En Belgique, le débat autour du cliquet inversé sur les produits pétroliers révèle une véritable fracture politique.

Il faut dire les choses clairement : refuser le cliquet inversé est politiquement confortable, mais économiquement irresponsable. Pourquoi ? Parce que cela revient à baisser les taxes lorsque les prix explosent… Sans prévoir comment ces pertes pourraient être compensées ensuite. Or, quand l’État réduit les accises sur les carburants en période de crise, ce sont des milliards d’euros qui disparaissent des caisses publiques. Et ces milliards doivent bien être récupérés quelque part : soit par davantage de dette, soit par d’autres impôts. Autrement dit, ce que certains présentent comme un « cadeau » aux citoyens aujourd’hui devient une facture reportée à demain.
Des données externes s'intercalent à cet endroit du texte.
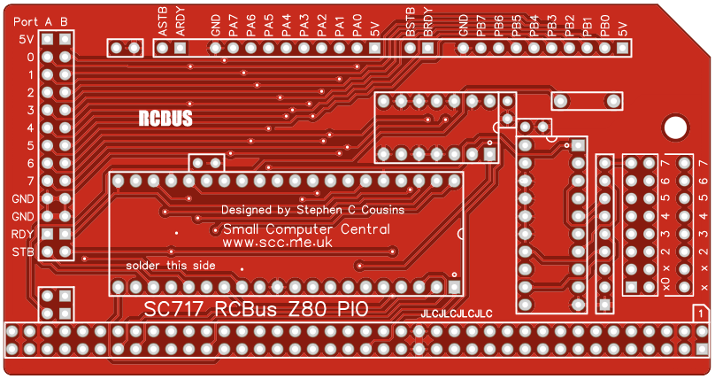 The module supports the Z80 interrupt priority chain with jumpers to allow it to use the bus pins specified in the RCBus specification. Alternatively, the IEI and IEO signals are available on JP2 and JP3.
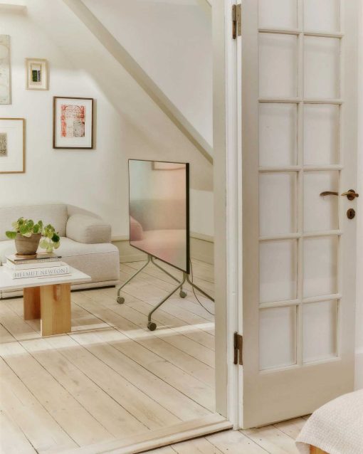 Sjónvarsstandur á hjólum sem passar fyrir 40″ – 70″ flatskjái. Sjá meira um Moon Rollin HÉR
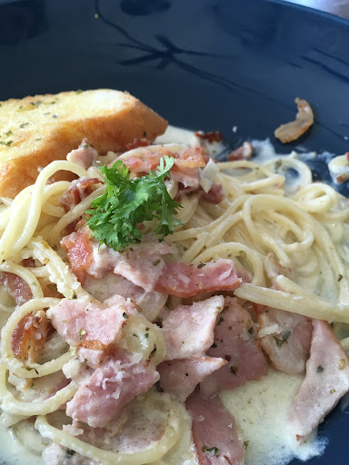 สปาเกตตี่คาโบนาร่ารสชาติออกหวานๆนิดๆเครื่องเยอะดี น่าจะเป็นอาหารอร่อยที่สุดในวันนี้แล้ว
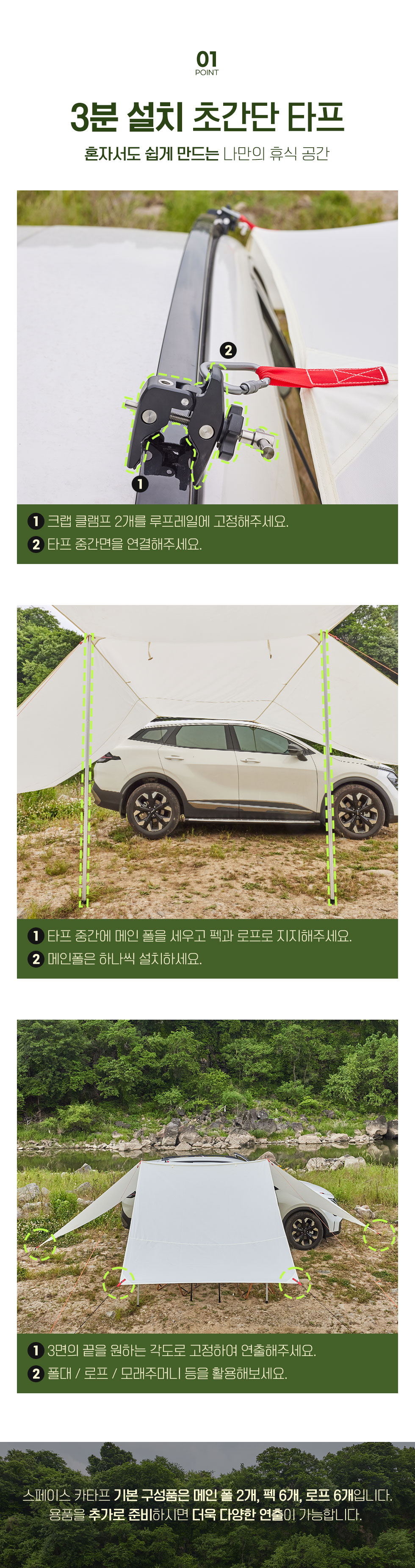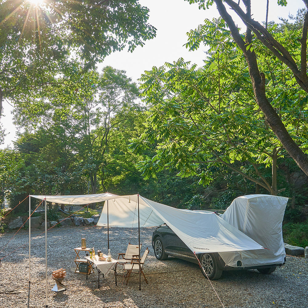 차량 측면이나 트렁크에 도킹하여 설치할 수 있어 차박, 오토캠핑, 피크닉 등 다양한 상황에서 활용할 수 있으며, 혼자서도 쉽게 설치 가능한 구조로 초보 캠퍼에게도 안성맞춤입니다.
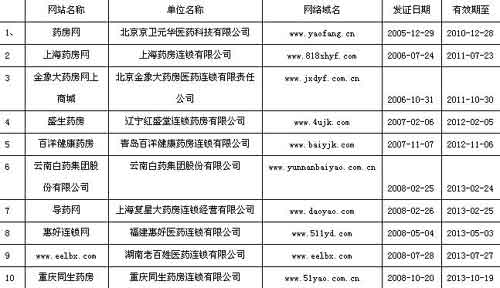 中新網(wǎng)12月8日電 今天上午,國家藥監(jiān)局新聞發(fā)言人顏江瑛通報(bào)了截止到2008年12月8日,國家藥監(jiān)局批準(zhǔn)的向個(gè)人提供非處方藥品的10家互聯(lián)網(wǎng)藥品交易網(wǎng)站。(據(jù)中國網(wǎng)文字直播整理)
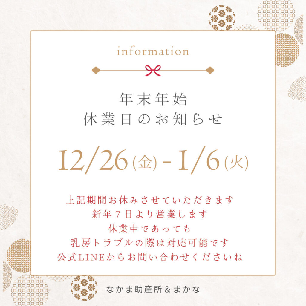 ※断乳による卒乳処置や育児相談、一時預かり保育などはお休みです
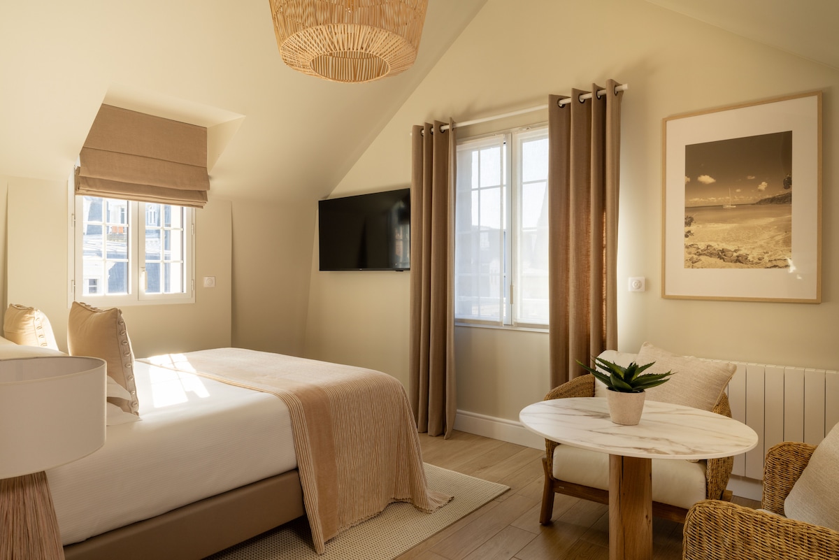 Escape to our radiant duplex apartment located in the heart of Deauville! Fully renovated in November, enjoy this lovely well-equipped 40m² flat boasting 2 en-suite bedrooms and an exquisite living room with open-kitchen & beautiful views. This top-floor very quiet duplex bathes in natural light, offering a peaceful and stylish living space for up to 4 guests. ** Location** Train station: 350m - 4 min walk Place Morny: 230m - 2min walk Beach: 900m - 10 min walk Non-smoking, not animal friendly
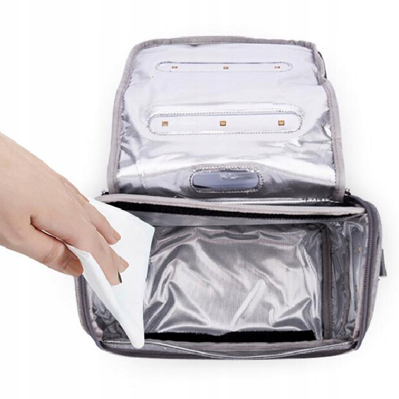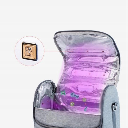 Стерилизационный пакет с УФ-светодиодной технологией и запатентованным «золотым чипом». Одного щелчка мыши достаточно, чтобы достичь уровня дезинфекции 99,9% всего за 59 секунд. Идеально подходит для ухода за вашим повседневным оборудованием! Сумку можно использовать и как рюкзак. Внизу имеется отдельный контейнер с функцией термоупаковки.
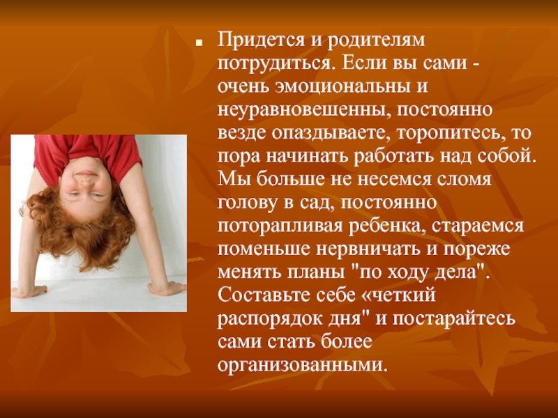 неуравновешенны, постоянно везде опаздываете, торопитесь, то пора начинать работать над собой. Мы больше не несемся сломя голову в сад, постоянно поторапливая ребенка, стараемся поменьше нервничать и пореже менять планы "по ходу дела". Составьте себе «четкий распорядок дня" и постарайтесь сами стать более организованными.
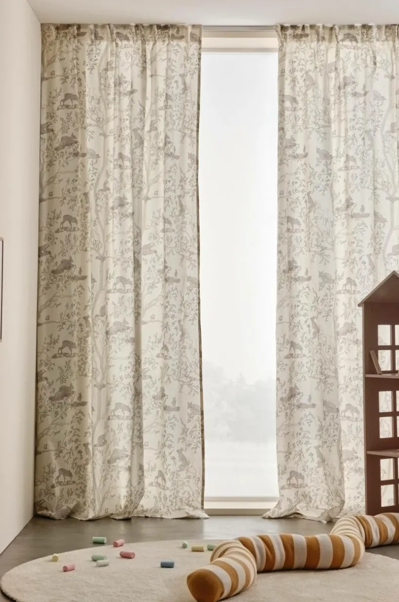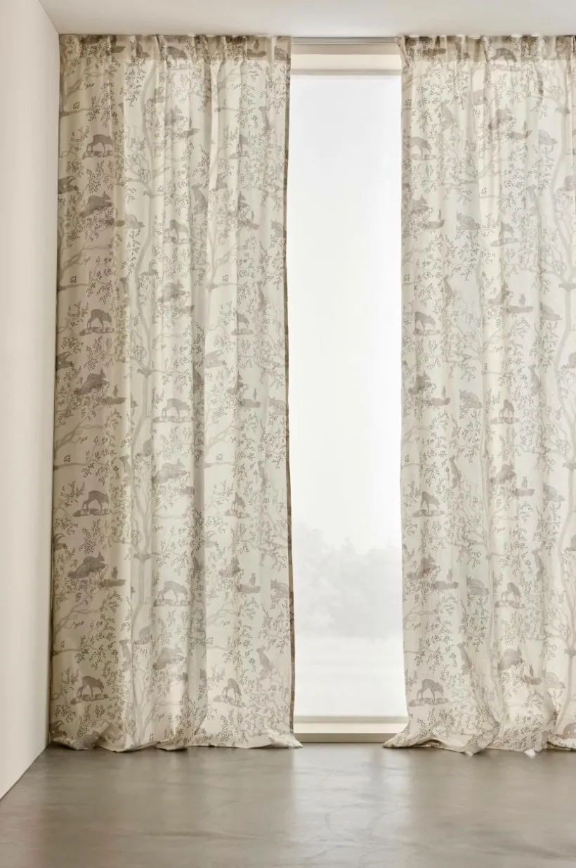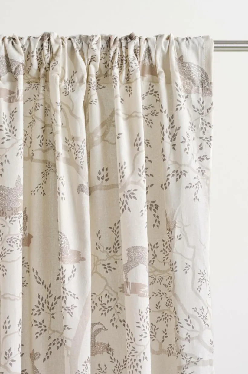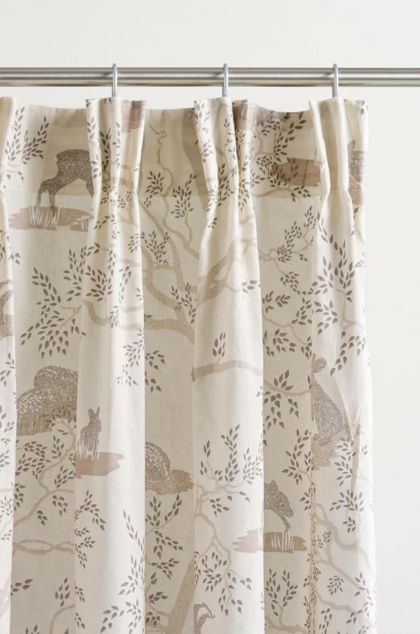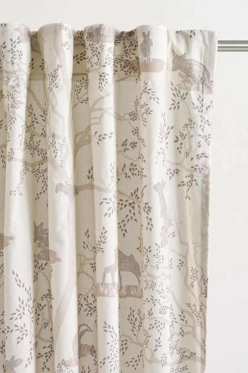 2-pack gardinlängder i bomull med tryckt mönster och mjuk yta. Med påsytt multifunktionsband. Gardinen kan hängas upp med fingerkrokar, kanal samt dold hälla.
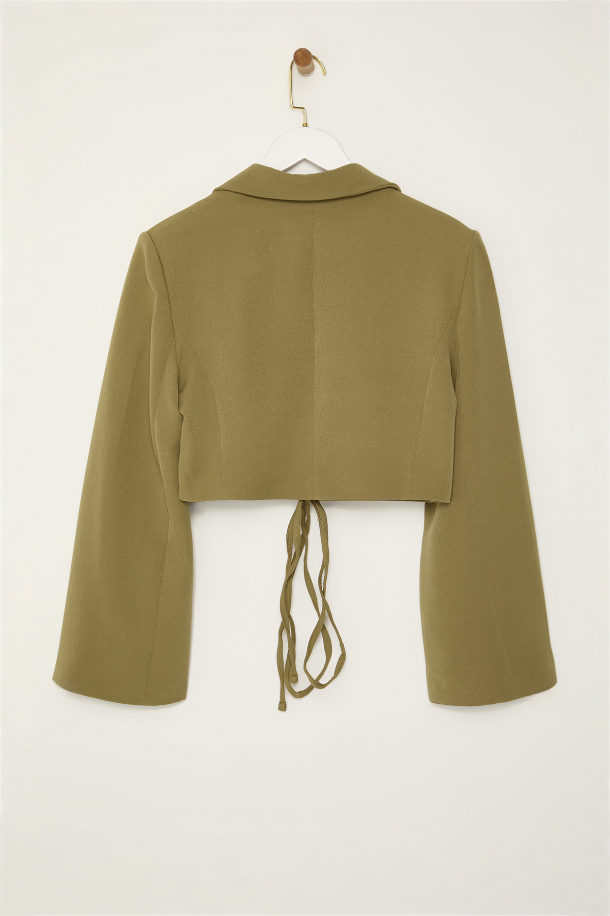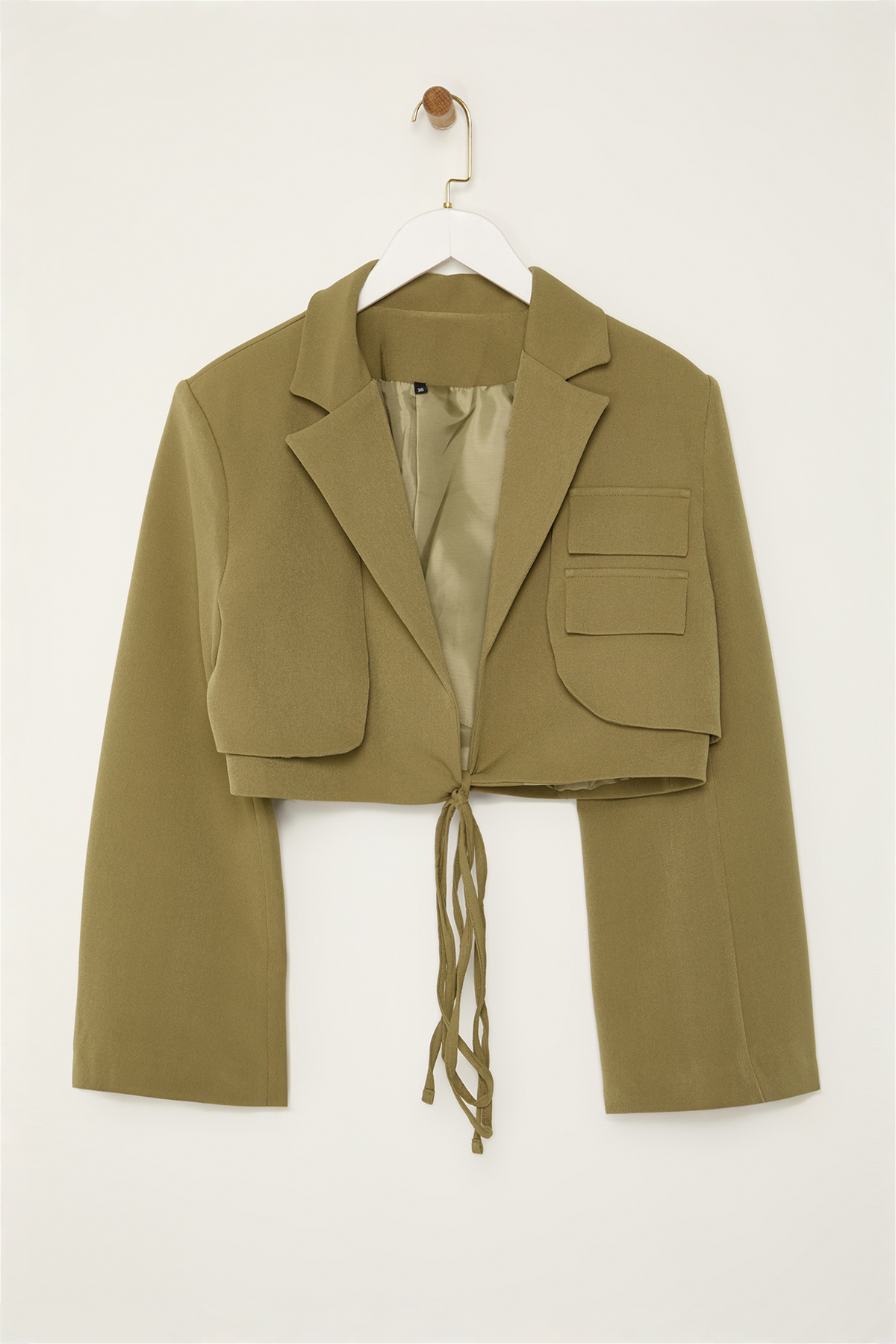 کت زنانه کتانی دو سینه کوتاه خاکی روشن TRENDYOLMILLA
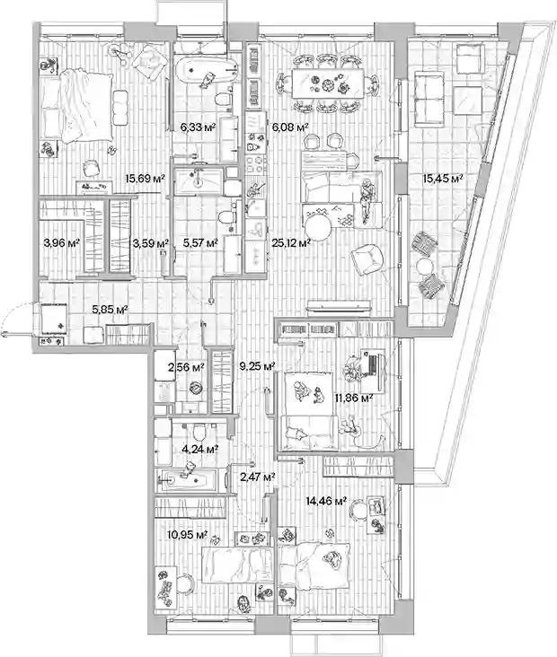 Планировочные решения включают как классические форматы, так и европланировки. Квартиры сдаются без отделки, с потолками высотой 3,1 метра и увеличенной площадью остекления. В некоторых квартирах предусмотрены просторные террасы.
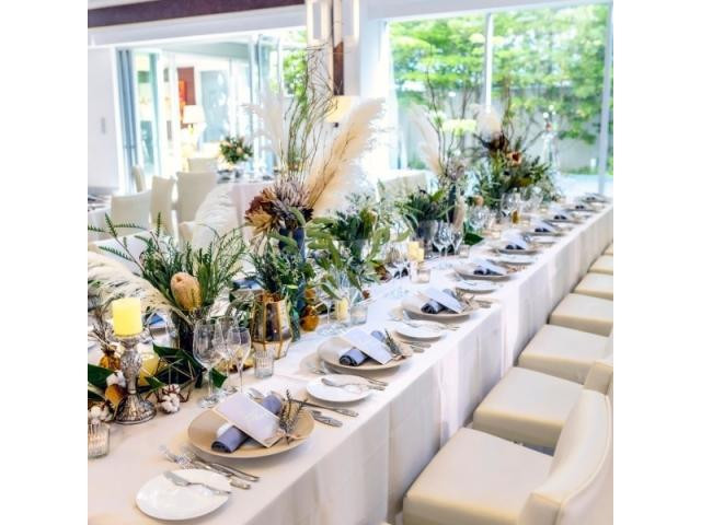 パーティ会場は専属のフローリストと一緒に、お二人の思い通りにコーディネート!ガーデンでは美しい風景を楽しみながら、写真を撮ったりゲストと一緒にお楽しみいただけます。
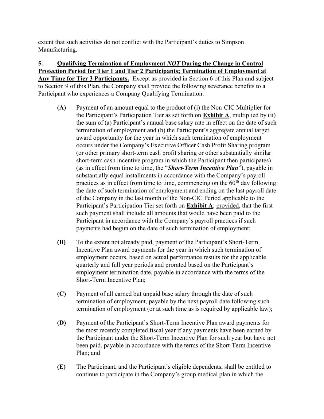 extent that such activities do not conflict with the Participant’s duties to Simpson Manufacturing. 5. Qualifying Termination of Employment NOT During the Change in Control Protection Period for Tier 1 and Tier 2 Participants; Termination of Employment at Any Time for Tier 3 Participants. Except as provided in Section 6 of this Plan and subject to Section 9 of this Plan, the Company shall provide the following severance benefits to a Participant who experiences a Company Qualifying Termination: (A) Payment of an amount equal to the product of (i) the Non-CIC Multiplier for the Participant’s Participation Tier as set forth on Exhibit A, multiplied by (ii) the sum of (a) Participant’s annual base salary rate in effect on the date of such termination of employment and (b) the Participant’s aggregate annual target award opportunity for the year in which such termination of employment occurs under the Company’s Executive Officer Cash Profit Sharing program (or other primary short-term cash profit sharing or other substantially similar short-term cash incentive program in which the Participant then participates) (as in effect from time to time, the “Short-Term Incentive Plan”), payable in substantially equal installments in accordance with the Company’s payroll practices as in effect from time to time, commencing on the 60th day following the date of such termination of employment and ending on the last payroll date of the Company in the last month of the Non-CIC Period applicable to the Participant’s Participation Tier set forth on Exhibit A; provided, that the first such payment shall include all amounts that would have been paid to the Participant in accordance with the Company’s payroll practices if such payments had begun on the date of such termination of employment; (B) To the extent not already paid, payment of the Participant’s Short-Term Incentive Plan award payments for the year in which such termination of employment occurs, based on actual performance results for the applicable quarterly and full year periods and prorated based on the Participant’s employment termination date, payable in accordance with the terms of the Short-Term Incentive Plan; (C) Payment of all earned but unpaid base salary through the date of such termination of employment, payable by the next payroll date following such termination of employment (or at such time as is required by applicable law); (D) Payment of the Participant’s Short-Term Incentive Plan award payments for the most recently completed fiscal year if any payments have been earned by the Participant under the Short-Term Incentive Plan for such year but have not been paid, payable in accordance with the terms of the Short-Term Incentive Plan; and (E) The Participant, and the Participant’s eligible dependents, shall be entitled to continue to participate in the Company’s group medical plan in which the
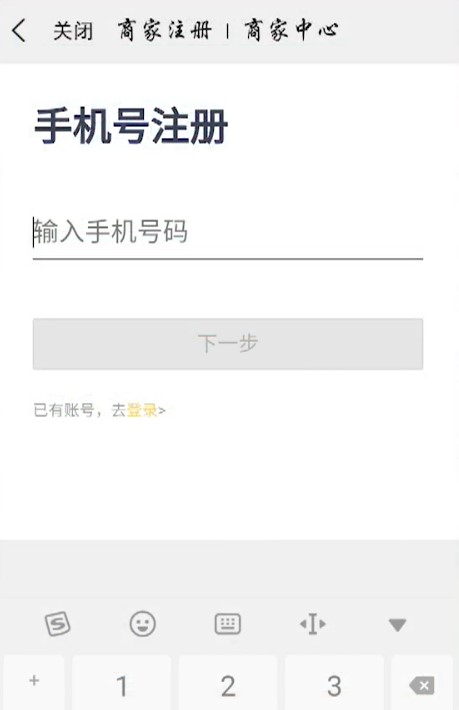 5、在商家注册界面中输入手机号进行注册。
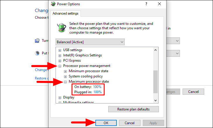 Em seguida, clique duas vezes em ‘Gerenciamento de energia do processador’ e, em seguida, em ‘Estado máximo do processador’ abaixo dele. Agora você encontrará duas opções, ‘Na bateria’ e ‘Conectado’ com a taxa do processador mencionada no caso de cada uma. Agora, clique na porcentagem e aumente para’100%’em ambos os casos e clique em’OK’na parte inferior para aplicar as alterações e fechar a janela.

La logique est pourtant simple à comprendre. Tout responsable politique souhaite être réélu. Dès lors, il serait facile de baisser drastiquement le prix du carburant à court terme. Mais lorsque viendra le moment de payer la facture, ce sont les citoyens qui devront assumer, notamment via leurs impôts.

Le cliquet inversé, défendu par le MR, repose au contraire sur un principe simple : la responsabilité. Oui, il faut aider les citoyens lorsque les prix à la pompe deviennent insoutenables. Mais non, cette aide ne doit pas devenir permanente si les conditions du marché s’améliorent. Prenons un exemple concret : le prix du litre grimpe à 2,10 €, l’État intervient et le ramène à 1,85 € en réduisant les taxes. Si le marché redescend ensuite, par exemple à 1,60 €, le cliquet inversé permet de réintroduire progressivement une partie des taxes, afin de stabiliser le prix autour de 1,70 € ou 1,75 €. Résultat : le consommateur reste gagnant par rapport à la crise, tout en permettant à l’État de récupérer une partie de ses moyens d’action.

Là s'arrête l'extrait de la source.